The story doesn't end there, however. During a press conference, Judy implies the predators have gone savage due to their genes. Panic spreads across Zootopia as prey, 90% of the population, become terrified and hostile towards predators, 10% of the population.
Hopps, having realized her work has made everything worse, resigns. Later, at her parents' carrot farm, she discovers "going savage" isn't a natural process brought on by DNA, but rather an artificial process brought on by - essentially - drugs.
Judy goes back to Zootopia, finds Nick, and together they find the sharpshooter whose making the predators go savage. Throw in some Breaking Bad references ("Walter, Jessie, get in here"), a train roof scene, and a sort of predictable the butler did it reveal, and we reach the end of the film.
The most brilliant part of Zootopia isn't its somewhat original plot, definitely original setting, or it's gorgeous animation, though all of those are certainly strengths of the film. It's how it handles its anti-discrimination theme.
At first, it's easy to draw parallels between the real world and the Zootopia world. The animals are divided into two major groups - predators and prey. Predators make up 10% of the population, prey make up 90%. Obviously, predators are white people, and prey are minorities.
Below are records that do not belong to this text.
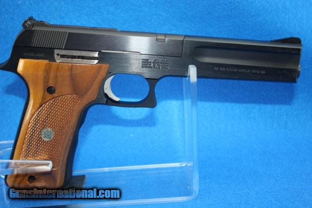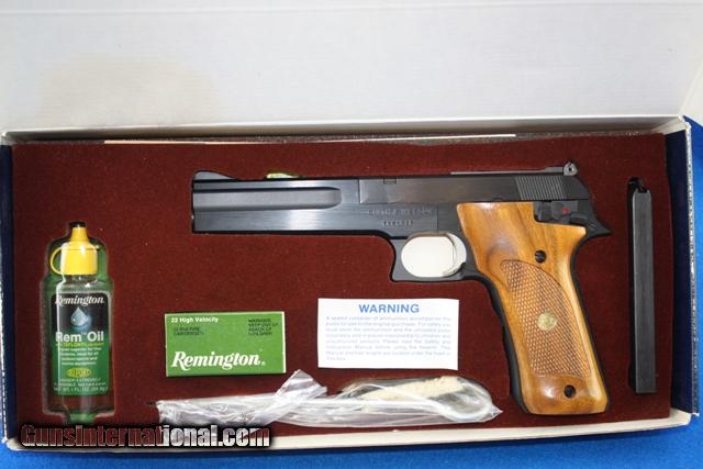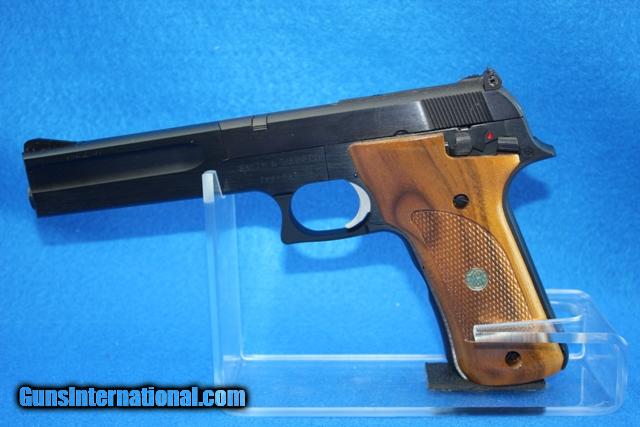 Description: Smith & Wesson 422, 22LR, 6" barrel, aluminium frame with steel slide, adjustable reaer sight, checkered walnut grips, matte blue finish. This firearm is as new in box, please see photo taken when box opened. Immaculate condition. ADD 3% FOR CREDIT CARDS SHIPPING $25.00 SOLD |
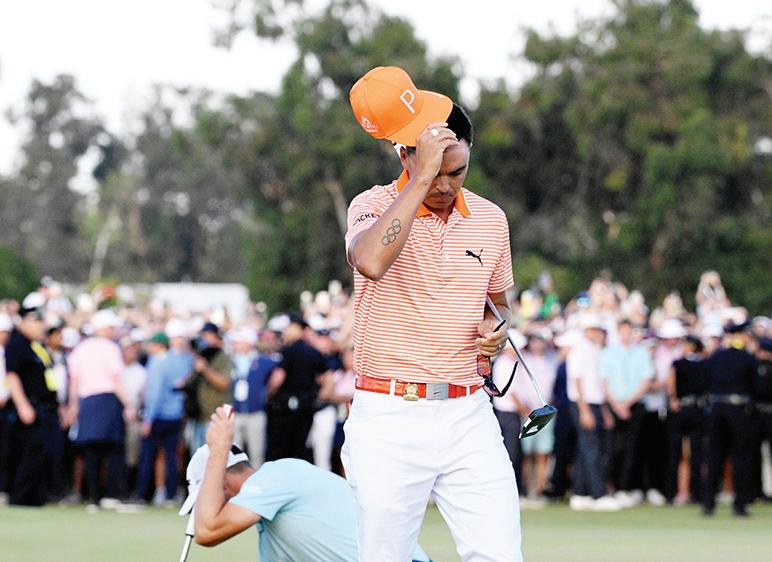 holes settling for pars on a relatively easy course, Morikawa had four birdies on both the front and back nine. Morikawa made a 10foot putt at No. 12, his fourth birdie in a sixhole stretch that put him within a shot of Fowler, and his 9-footer for birdie at No. 14 pulled him into a tie
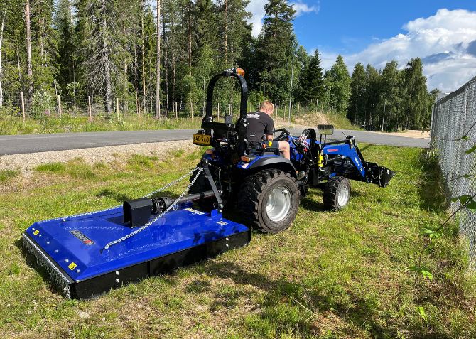 Farmtrac -pientraktorin perässä vesakkoraivain
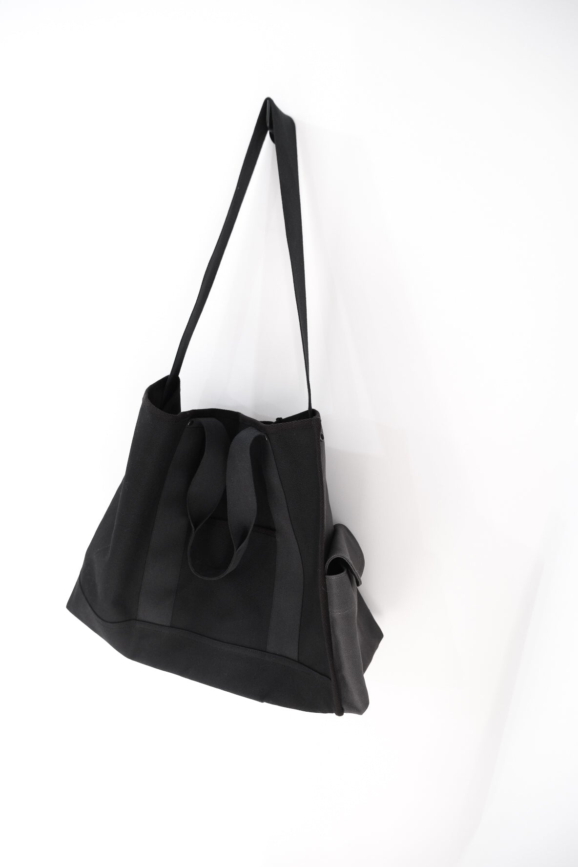 片側にマチを作っているが、内側に折り畳む仕様にしているため、肩からかけても後を気にせず使用出来る。
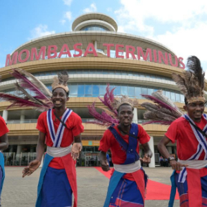 9月17日,在蒙内铁路蒙巴萨终点站,身穿传统民族服装的演员跳舞庆祝蒙巴萨通勤米轨修复项目完工。新华社记者 杨光 摄
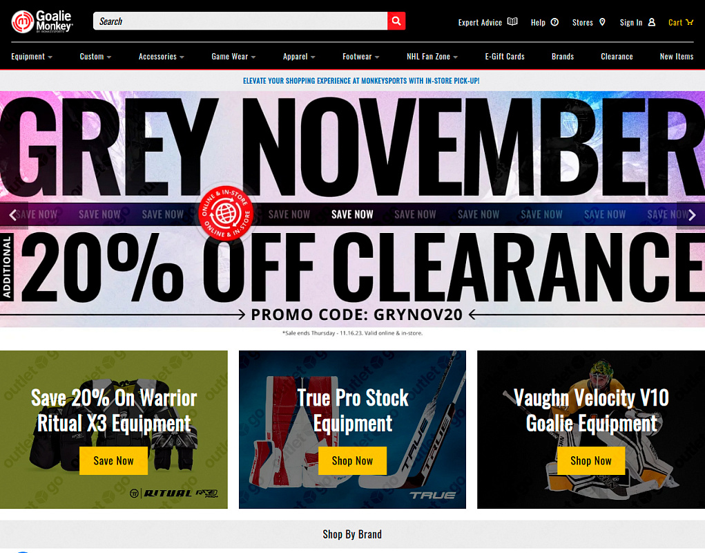 OutletGO — простой сервис для покупки и доставки товаров с официального сайта Goalie Monkey из США в Россию. В магазине Goaliemonkey ценители хоккея найдут все необходимое для вратаря, начиная от вратарских клюшек и заканчивая защитной экипировкой. С разнообразными товарами от ведущих брендов каждый спортсмен может подобрать экипировку, соответствующую его требованиям и финансовым возможностям. Покупайте всё, что хочется прямо из дома, экономьте до 60% на распродажах и акциях.
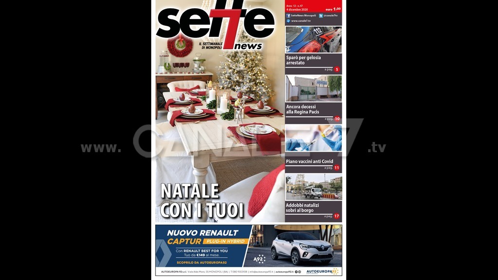 E’ in edicola Sette News. In copertina “ Natale con i tuoi”. Il nuovo Dpcm decreta misure e restrizioni per le prossime festività. A Natale, Santo Stefano e Capodanno non si potrà uscire dal proprio comune. All’interno “ Sparò per gelosia arrestato”. Spari contro un 40enne di Monopoli: arrestato dai Carabinieri un uomo di Cisternino. Una lite per una donna all’origine del fatto avvenuto lo scorso 16 novembre. “Ancora decessi alla Regina Pacis”. Ancora un decesso nella rssa, mentre le cose stanno migliorando dal punto di vista dei contagi. “ Piano vaccini anticovid”. Approvato in Parlamento il piano vaccini. Acquisti centralizzati e distribuzione gratuita, le prime dosi da metà gennaio per personale sanitario e soggetti fragili. “ Addobbi natalizi sobri al borgo”. Tuttavia gli addobbi renderanno ancor più bella la città. Grande albero in piazza, pacchi dono e sfere illuminate in altri luoghi. In questo numero ampie pagine di cronaca, politica, attualità, sport, rubriche e appuntamenti. Sette News è in tutte le edicole di Monopoli.

When Judy is told she can't be a police officer because she's a rabbit, it's pretty much the same thing as the MLB telling Jackie Robinson he can't play baseball because he's black.
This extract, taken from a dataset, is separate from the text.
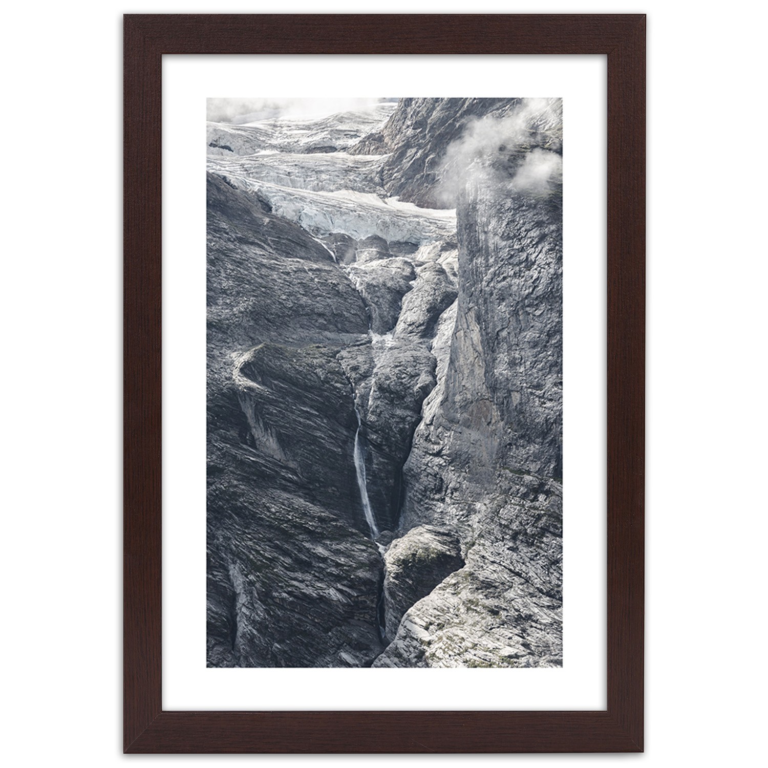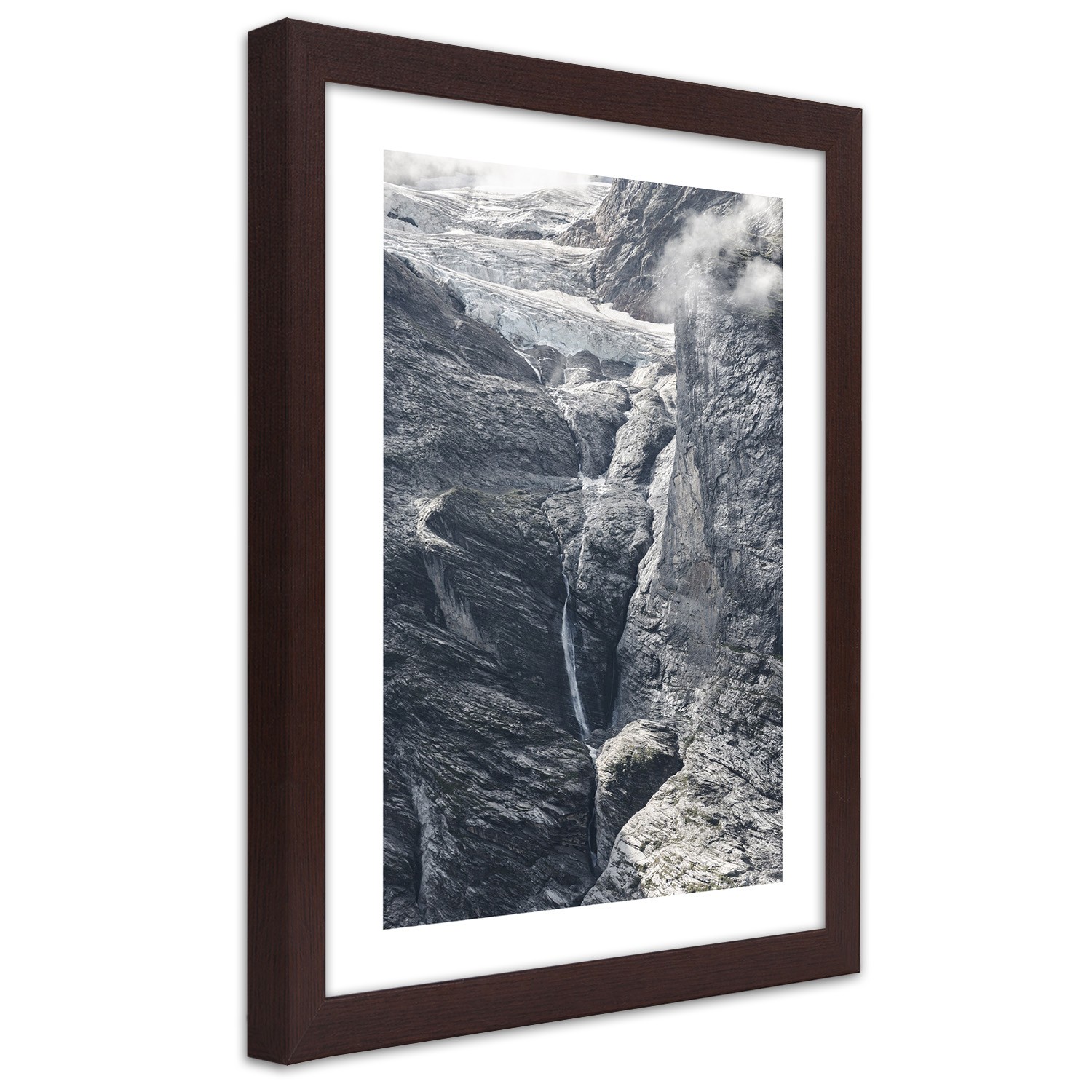 Picture in brown frame, View on the rocks

But just when you think you have the movie figured out, it takes a massive dump on your expectations. First, Nick Wilde reveals prey can be bullies too. In a moment of vulnerability for the character, he reveals he wanted to join the world's equivalent of the boy scouts. However, because he's a predator, the other members - all prey - slapped a muzzle on him and kicked him out. Wilde then confesses the only reason he became a con artist was because the world stereotyped him as a mischievous, nefarious creature. And if he can't beat em, he might as well join em.
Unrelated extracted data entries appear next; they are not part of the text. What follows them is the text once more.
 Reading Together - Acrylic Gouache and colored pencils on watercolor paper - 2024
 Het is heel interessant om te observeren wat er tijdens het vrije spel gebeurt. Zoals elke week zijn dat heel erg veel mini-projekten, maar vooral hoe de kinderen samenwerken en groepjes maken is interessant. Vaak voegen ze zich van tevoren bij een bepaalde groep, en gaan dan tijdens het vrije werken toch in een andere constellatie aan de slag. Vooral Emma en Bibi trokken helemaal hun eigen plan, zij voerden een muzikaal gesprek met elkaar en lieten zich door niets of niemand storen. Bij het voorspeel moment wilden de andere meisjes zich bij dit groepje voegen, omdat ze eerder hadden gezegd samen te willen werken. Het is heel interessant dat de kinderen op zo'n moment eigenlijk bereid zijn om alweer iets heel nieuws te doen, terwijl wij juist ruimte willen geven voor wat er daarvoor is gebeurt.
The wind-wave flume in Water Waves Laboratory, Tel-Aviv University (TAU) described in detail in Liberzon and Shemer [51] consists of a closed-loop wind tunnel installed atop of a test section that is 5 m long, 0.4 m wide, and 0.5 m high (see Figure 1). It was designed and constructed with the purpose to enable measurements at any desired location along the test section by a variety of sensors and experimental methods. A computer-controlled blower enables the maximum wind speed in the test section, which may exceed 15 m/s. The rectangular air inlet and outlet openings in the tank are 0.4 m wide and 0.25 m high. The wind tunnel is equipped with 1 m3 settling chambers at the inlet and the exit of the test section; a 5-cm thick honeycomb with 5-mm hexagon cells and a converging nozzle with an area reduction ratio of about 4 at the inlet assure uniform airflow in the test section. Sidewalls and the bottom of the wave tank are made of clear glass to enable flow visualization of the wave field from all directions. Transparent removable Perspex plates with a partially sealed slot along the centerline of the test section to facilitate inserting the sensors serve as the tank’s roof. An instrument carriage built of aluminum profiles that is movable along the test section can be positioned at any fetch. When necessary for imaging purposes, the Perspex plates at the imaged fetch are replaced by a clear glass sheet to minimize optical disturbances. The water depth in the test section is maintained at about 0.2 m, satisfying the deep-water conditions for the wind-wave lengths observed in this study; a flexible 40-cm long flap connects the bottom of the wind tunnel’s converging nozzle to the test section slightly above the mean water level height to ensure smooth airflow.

The clusterf**king of your expectations continues into the second act. After Judy declares predators going savage is wired into their DNA, racist acts really start to become prevalent. The harmless cheetah receptionist, Clawhauser (played by Nate Torrence) gets moved to records. "They didn't want to have a predator be the first thing people see".
The scene that resonated with me the most in this act was when Judy is riding the subway. A mother and her daughter, both prey, sit next to a tiger minding his own business. When the mother notices whose sitting next to her daughter, she pulls her away from the tiger - who was just listening to music.
What makes this so brilliant is that Disney isn't saying prejudice only comes from one side. Throughout Zootopia we see acts of prejudice by both predators and prey. This dual sided racism reflects real life. Racism occurs from white people to minorities, and from minorities to white people. The only way to truly overcome racism isn't to lash out with more racism, but to try and understand each other. And while sure everyone has their own limits in what they can do, we should be supportive of each other to build everyone up, rather than putting one group down to support our own.
Or maybe this is just a hooplah. To quote Judy Hopps's father, "Give up on your dreams, if you never try you can never fail."